Read an exclusive interview with volume editor Robert Polito (PDF, 99 K)
Read an excerpt, Farber's review of Clash By Night (June 16, 1952) (PDF, 40 K)
Read an excerpt, Farber's essay "Badlands, Mean Streets, and The Wind and the Lion" (with Patricia Patterson, September 23, 1975) (PDF, 77 K)
Manny Farber (1917–2008) was a unique figure among American movie critics. Champion of what he called "termite art" (focused, often eccentric virtuosity as opposed to "white elephant" monumentality), master of a one-of-a-kind prose style whose jazz-like phrasing and incandescent twists and turns made every review an adventure, he has long been revered by his peers. Susan Sontag called him "the liveliest, smartest, most original film critic this country ever produced"; for Peter Bogdanovich, he was "razor-sharp in his perceptions" and "never less than brilliant as a writer."
Farber was an early discoverer of many filmmakers later acclaimed as American masters: Val Lewton, Preston Sturges, Samuel Fuller, Raoul Walsh, Anthony Mann. A prodigiously gifted painter himself, he brought to his writing an artist's eye for what was on the screen. Alert to any filmmaker, no matter how marginal or unsung, who was "doing go-for-broke art and not caring what comes of it," he was uncompromising in his contempt for pretension and trendiness-for, as he put it, directors who "pin the viewer to the wall and slug him with wet towels of artiness and significance."
The excitement of his criticism, however, has less to do with his particular likes and dislikes than with the quality of attention he paid to each film as it unfolds, to the "chains of rapport and intimate knowledge" in its moment-to-moment reality. To transcribe that knowledge he created a prose that, in Robert Polito's words, allows for "oddities, muddles, crises, contradictions, dead ends, multiple alternatives, and divergent vistas." The result is critical essays that are themselves works of art.
Farber on Film contains this extraordinary body of work in its entirety for the first time, from his early and previously uncollected weekly reviews for The New Republic and The Nation to his brilliant later essays (some written in collaboration with his wife, Patricia Patterson) on Godard, Fassbinder, Herzog, Scorsese, Altman, and others.

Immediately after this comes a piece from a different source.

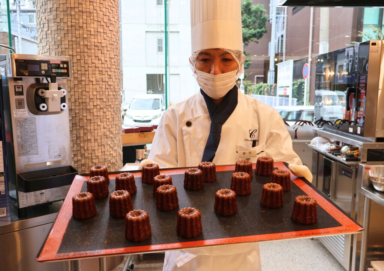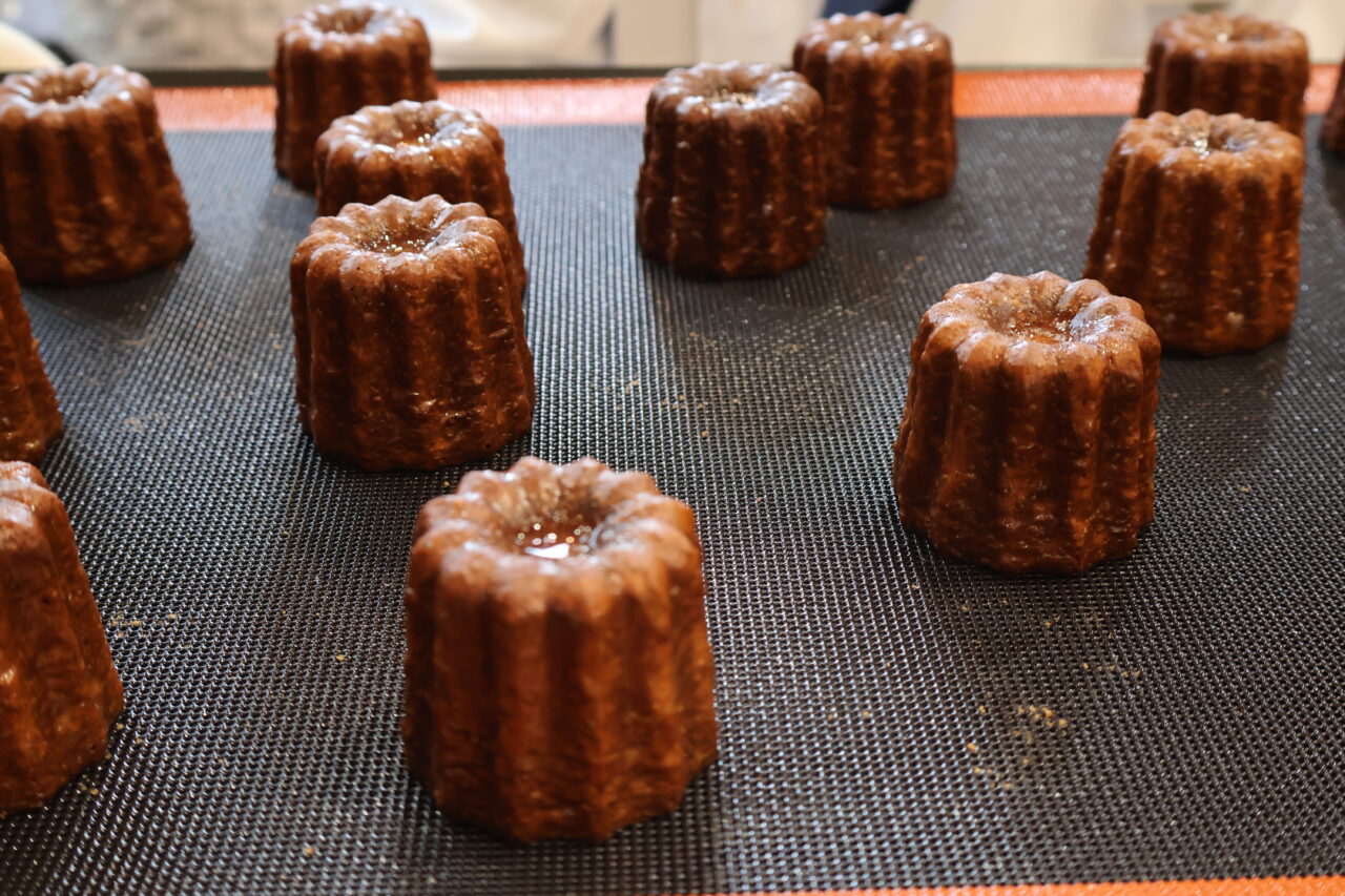 取材中、オーブンからカヌレが取り出される瞬間に遭遇!店内に一気に広がる焼きたての甘いバニラの香りは、筆者の想像を遥かに超えるものでした!この臨場感は、リニューアル後の大きな魅力の一つです!

Featuring an introduction by editor Robert Polito that examines in detail the stages of Farber's career and his enduring significance as writer and thinker, Farber on Film is a landmark volume that will be a classic in American criticism.
Robert Polito, volume editor, is a poet, biographer, and critic whose books include Doubles, Hollywood & God, A Reader's Guide to James Merrill's The Changing Light at Sandover, and Savage Art: A Biography of Jim Thompson, for which he received the National Book Critics Circle Award. He directs the Graduate Writing Program at the New School in New York City.